# 93458 + Aortogram



## amym (Feb 6, 2012)

Can I bill for the Aortogram?  Why or why not?

SUMMARY: 

--  CORONARY CIRCULATION: 
--  Coronary angiography demonstrated minor luminal irregularities. 

--  CARDIAC STRUCTURES: 
--  Global left ventricular function was normal. EF calculated by contrast 
ventriculography was 55 %. 

--  SPLANCHNIC AND RENAL VESSELS: 
--  The renal arteries were widely patent and grossly angiographically 
normal. Two left renal arteries were identified, a single right renal 
artery was also idenitified. 

PROCEDURES PERFORMED: 

--  Left heart catheterization with ventriculography. 
--  Left coronary angiography. 
--  Right coronary angiography. 
--  Aortography. 

RECOMMENDATIONS: 
The patient should continue with the present medications. 

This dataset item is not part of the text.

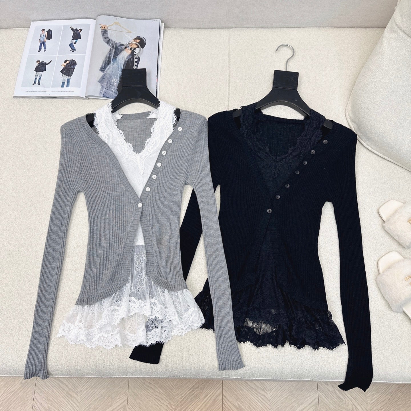 CD 25 Lace Splicing Two-piece Sweater Wool 598663

INDICATIONS: Angina/MI: atypical chest pain. Coronary artery disease: 
abnormal stress test. Renal: malignant HTN. 

VENTRICLES: There were no left ventricular global or regional wall motion 
abnormalities. Global left ventricular function was normal. EF calculated 
by contrast ventriculography was 55 %. 

CORONARY VESSELS: Coronary angiography demonstrated minor luminal 
irregularities. Left main: Normal. The vessel was medium sized but short. 
LAD: Angiography showed mild atherosclerosis. Circumflex: The vessel was 
large sized (dominant). Angiography showed mild atherosclerosis. Distal 
circumflex: Angiography showed moderate atherosclerosis. RCA: The vessel 
was small sized. Angiography showed moderate atherosclerosis. 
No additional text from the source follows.